Nikita Lazarus Putnam, the young, South African-born advancement director for the organization’s West Coast region in Los Angeles, urged the mostly senior women in attendance to make up for a poor economy by giving just a little bit more than usual. Glass goldfish bowls stood by the entrance, each designated for a different-sized check: $100, $500, $1,000, $2,500, $5,000.

“I see the $5,000 bowl is still empty,” Putnam chided.

That evening, I kept on my same suit and headed over to the Grand Ballroom at Hollywood & Highland for the Shoah Foundation’s annual dinner, this one honoring DreamWorks’ Jeffrey Katzenberg. Out in the foyer, where bartenders were pouring Grey Goose caipirinhas and passing cones of tuna tartare, a few men gathered for a shmooze — Steven Spielberg, Katzenberg, Jerry Bruckheimer and George Lucas. That’s entertainment.

Inside, the program followed pretty much the same plan as the ORT luncheon — get like-minded supporters in a room, entertain them with a speaker, and, in the process, raise some money for a good cause.  Except that in Woodland Hills, I was the show. In the H&H Grand Ballroom, late-night host Craig Ferguson warmed up the crowd, followed by a breathtaking Jennifer Hudson.

Spielberg himself, in introducing his friend Katzenberg, explained how he was moved to use the proceeds from “Schindler’s List” to record for all time the stories of the survivors of the Holocaust and other genocides. To date, the foundation has collected 51,000 testimonies, and catalogued and preserved them with cutting-edge technology that will last hundreds of years. Hundreds of years.

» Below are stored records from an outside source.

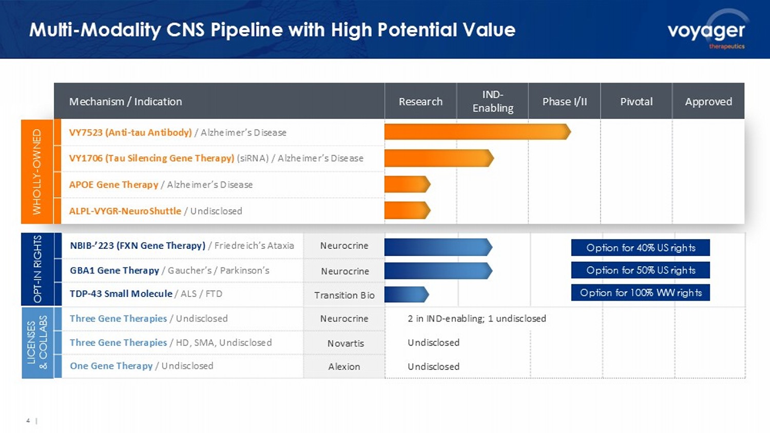 3 | Voyager (NASDAQ: VYGR) 2026 Investment Rationale Validating brain - targeted capsids in humans Transformative year for tau, with two s hots on goal Demonstrating the value of Voyager NeuroShuttle 1 Based on our current operating plans, cash and cash equivalents and marketable securities as of September 30, 2025, along wit h a mounts expected to be received as reimbursement for development costs under the Neurocrine and Novartis collaborations, and interest income. Cash runway into 2028, not including $ 6.8 B in potential milestone payments from existing partnerships 1 Antibody: VY7523 data in AD patients expected H2 ‘ 26 Knockdown: VY1706 first - in - human dosing expected H2 ‘ 26 following 3 rd - party data ( BIIB080 , expected mid - ’26) Sustained brain delivery vs TfR shuttles ; shuttled antibody has superior target engagement vs unshuttled 2026 data: NHP translatability, safety, program advancement VY1706 for AD first - in - human dosing expected H2 ‘ 26 NBIB - ’223 for Friedreich’s ataxia ( NBIX - partnered ) expected to enter clinic in 2026; dual - targeting of brain and heart
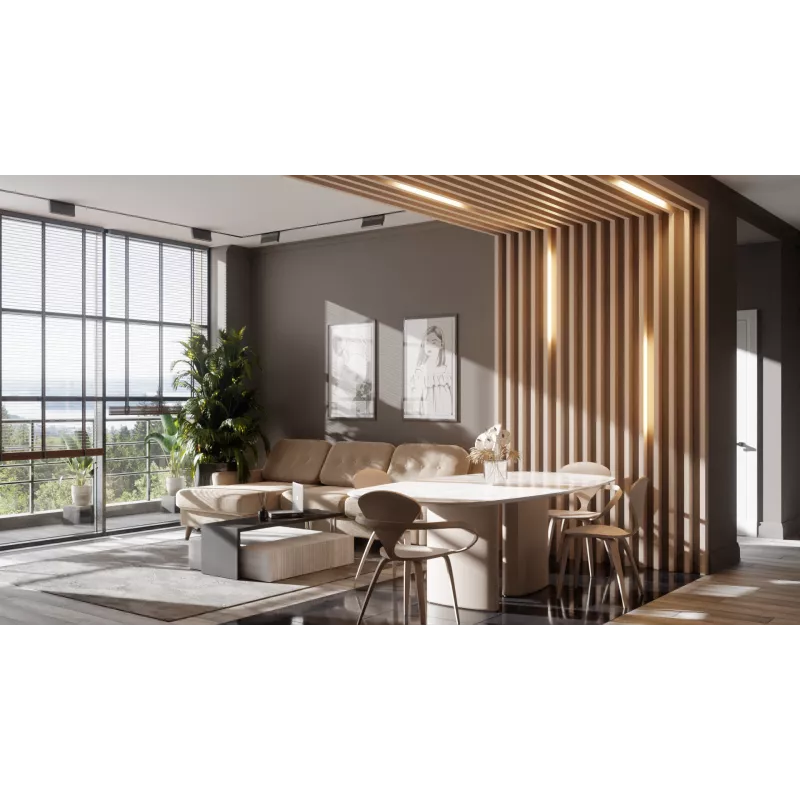 Декоративный Брус для зонирования помещений, используется в качестве открытых перегородок или объёмных стеновых панелей.
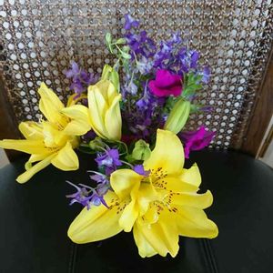 ルーフバルコニーの柵を越えあっち向いてホイの方向で咲いていました。もったいないので花瓶で鑑賞‼️🎶 あまりセンスがありませんね‼️💕💕
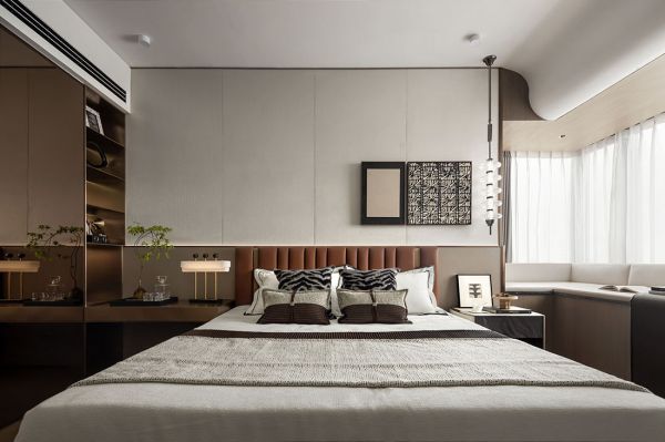 主卧浅灰底色更显温馨,配备独立卫浴、超大飘窗,私享小家化的体验打造现代人居新范本,以适配塔尖人士的尊崇身份。床头软包采用竖条格栅软包,搭配木饰面背景墙、金属线装饰,线条简约,让空间更具层次感。通过不同材料的有机结合,兼顾视觉感受和物理功能。
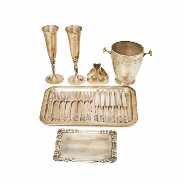 Lote de veinte piezas variadas en plata punzonada, s.XX. Compuesto por dos bandejas, dos copas para cava, una cubitera, un portavelas, siete tenedores de luch y siete cuchillos de lunch.

As he talked, I was thinking back on my first meeting of the week, on Monday morning, with a woman named Barbara Spectre, who runs an organization in Sweden named Paideia. Founded in 2001, Paideia is dedicated to the revival of European culture through the intensive education of adult Jews by means of the texts, history and rituals of their faith.

World War II, the Cold War and the European proclivity to submerge one’s identity to the nation state worked to suppress Jewish life, Spectre told me. But now, throughout Europe, thousands of adult Jews are rediscovering their Judaism, asking questions about it, eager to engage.

“So often we see assimilation as a one-way street,” she said. “It’s not. There’s also dis-assimilation.”

That word stuck in my mind all week, through every speech and banquet and discussion.  Dis-assimilation. What Spectre said is happening in Europe, we have perfected here in America: maintaining a bubbling, irrepressible and, frankly, exhausting expression of our community in the midst of our deep American-ness.

Even as so many are fretting over our future, prepared to write the epitaph of modern Jewry, here, we are uncovering and rediscovering it.

That Shabbat evening, I roasted a rather skinny chicken that had been raised naturally on an Amish farm and shipped out by a new natural-kosher meat distributor. I sat down to a quiet dinner with my kids — my wife was away, speaking to Jews in Maryland, Delaware and New Jersey — and my daughter and son, 14 and 17, chanted the blessings.

“In our history,” the writer Isaac Bashevis Singer once said, “between being sick and dying is a long way.” And we’re not even close.